Out of these successful movies, we now create a dictionary to get the successful movies per year, having the year as a key and the list of movie titles as value. We save this file both as pickle and (for convenience) also directly in this notebook as a hardcoded dict, given it is rather small. 

In [24]:
def get_most_succesful_movies_per_year(df, year, number=10):
  return df[df['year'] == year].sort_values(by='worldwide_gross_income', ascending=False).head(number)['original_title'].to_list()

In [25]:
most_successful_movies = dict()
for year in range(2015,2021):
  most_successful_movies[year] = get_most_succesful_movies_per_year(movie_df_nona, year)
most_successful_movies[2015]
with open('./drive/MyDrive/most_successful_movies.pickle', 'wb') as f:  
  pickle.dump(most_successful_movies, f)

In [26]:
most_successful_movies = {2015: ['Star Wars: Episode VII - The Force Awakens',
  'Jurassic World',
  'Fast & Furious 7',
  'Avengers: Age of Ultron',
  'Minions',
  'Spectre',
  'Inside Out',
  'Mission: Impossible - Rogue Nation',
  'The Hunger Games: Mockingjay - Part 2',
  'The Martian'],
 2016: ['Captain America: Civil War',
  'Rogue One',
  'Finding Dory',
  'Zootopia',
  'The Jungle Book',
  'The Secret Life of Pets',
  'Batman v Superman: Dawn of Justice',
  'Fantastic Beasts and Where to Find Them',
  'Deadpool',
  'Suicide Squad'],
 2017: ['Star Wars: Episode VIII - The Last Jedi',
  'Beauty and the Beast',
  'The Fate of the Furious',
  'Despicable Me 3',
  'Jumanji: Welcome to the Jungle',
  'Spider-Man: Homecoming',
  'Zhan lang II',
  'Guardians of the Galaxy Vol. 2',
  'Thor: Ragnarok',
  'Wonder Woman'],
 2018: ['Avengers: Infinity War',
  'Black Panther',
  'Jurassic World: Fallen Kingdom',
  'Incredibles 2',
  'Aquaman',
  'Bohemian Rhapsody',
  'Venom',
  'Mission: Impossible - Fallout',
  'Deadpool 2',
  'Fantastic Beasts: The Crimes of Grindelwald'],
 2019: ['Avengers: Endgame',
  'The Lion King',
  'Frozen II',
  'Spider-Man: Far from Home',
  'Captain Marvel',
  'Joker',
  'Star Wars: Episode IX - The Rise of Skywalker',
  'Toy Story 4',
  'Aladdin',
  'Jumanji: The Next Level'],
 2020: ['Bad Boys for Life',
  'Sonic the Hedgehog',
  'Ba Bai',
  'Dolittle',
  'Birds of Prey: And the Fantabulous Emancipation of One Harley Quinn',
  'Onward',
  'The Invisible Man',
  'The Call of the Wild',
  'Tenet',
  'Tolo Tolo']}

In [27]:
with open('./drive/MyDrive/most_successful_movies.pickle', 'rb') as f:  
  most_successful_movies = pickle.load(f)

Final step before filtering the quotes: It turns out that people tend not to use the actual full title when talking about a movie (e.g. people would rather refer to 'the new Star Wars' or 'The Rise of Skywalker' than 'Star Wars: Episode IX - The Rise of Skywalker').
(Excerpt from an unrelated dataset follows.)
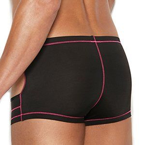 Men's boxer brief with cut out sides and contrast hot pink stitching. Black and hot pink. New in package. 87% Polyester/13% Spandex.

Therefore, we split the movie title into multiple subparts (basically after ':' and ' - ', with the excemption that splitting 'Mission: Impossible' into 'Mission' and 'Impossible' is a terrible idea as basically any politician in the world loves to stress the importance of his or her 'Mission', which leads to many unrelated quotes). So, for 'Mission: Impossible', we make an excemption and only split on 'Mission: Impossible' and the respective title of the movie. 
As we could see in the analysis of the box office data, many movies are released in the december of a year (especially Star Wars), hence, we decided to filter the quotes of year X by movies released in year X and X-1, to also be able to determine the reactions about a movie some weeks or months after release.

In [10]:
year = 2015
movies = most_successful_movies[year]
movies_dict = {key: [x.strip() for x in re.split(':| - ', key)] for key in movies}
if year == 2018:
  movies_dict['Mission: Impossible - Fallout'] = ['Mission: Impossible', 'Fallout']
elif year == 2015:
  movies_dict['Mission: Impossible - Rogue Nation'] = ['Mission: Impossible', 'Rogue Nation']
if year != 2015:
  year -= 1
  movies_dict = movies_dict.update({year: most_successful_movies[year]})
  movies_dict = {key: [x.strip() for x in re.split(':| - ', key)] for key in movies}
  if year == 2018:
    movies_dict['Mission: Impossible - Fallout'] = ['Mission: Impossible', 'Fallout']
  year += 1
movies_dict.items()

dict_items([('Bad Boys for Life', ['Bad Boys for Life']), ('Sonic the Hedgehog', ['Sonic the Hedgehog']), ('Ba Bai', ['Ba Bai']), ('Dolittle', ['Dolittle']), ('Birds of Prey: And the Fantabulous Emancipation of One Harley Quinn', ['Birds of Prey', 'And the Fantabulous Emancipation of One Harley Quinn']), ('Onward', ['Onward']), ('The Invisible Man', ['The Invisible Man']), ('The Call of the Wild', ['The Call of the Wild']), ('Tenet', ['Tenet']), ('Tolo Tolo', ['Tolo Tolo'])])

In [11]:
def filter_quotes(path_to_file, path_to_out, movies_dict):
  i = 0
  with bz2.open(path_to_file, 'rb') as s_file:
      try:
        os.remove(path_to_out)
      except:
        pass
      with bz2.open(path_to_out, 'wb') as d_file:
          for instance in s_file:
            i += 1
            if i % 100000 == 0:
              print(i)
            instance = json.loads(instance) # loading a sample
            quotation = instance['quotation'] # load quotation
            add_quote = False
            for movie, words in movies_dict.items():
              for word in words:
                if word in quotation:
                  instance['movie'] = movie
                  add_quote = True
                  break
            if add_quote:
              d_file.write((json.dumps(instance)+'\n').encode('utf-8')) # writing in the new file

In [12]:
path_to_file = '/content/drive/MyDrive/Quotebank/quotes-{}.json.bz2'.format(year) 
path_to_out = '/content/drive/MyDrive/quotes-{}-movies.json.bz2'.format(year)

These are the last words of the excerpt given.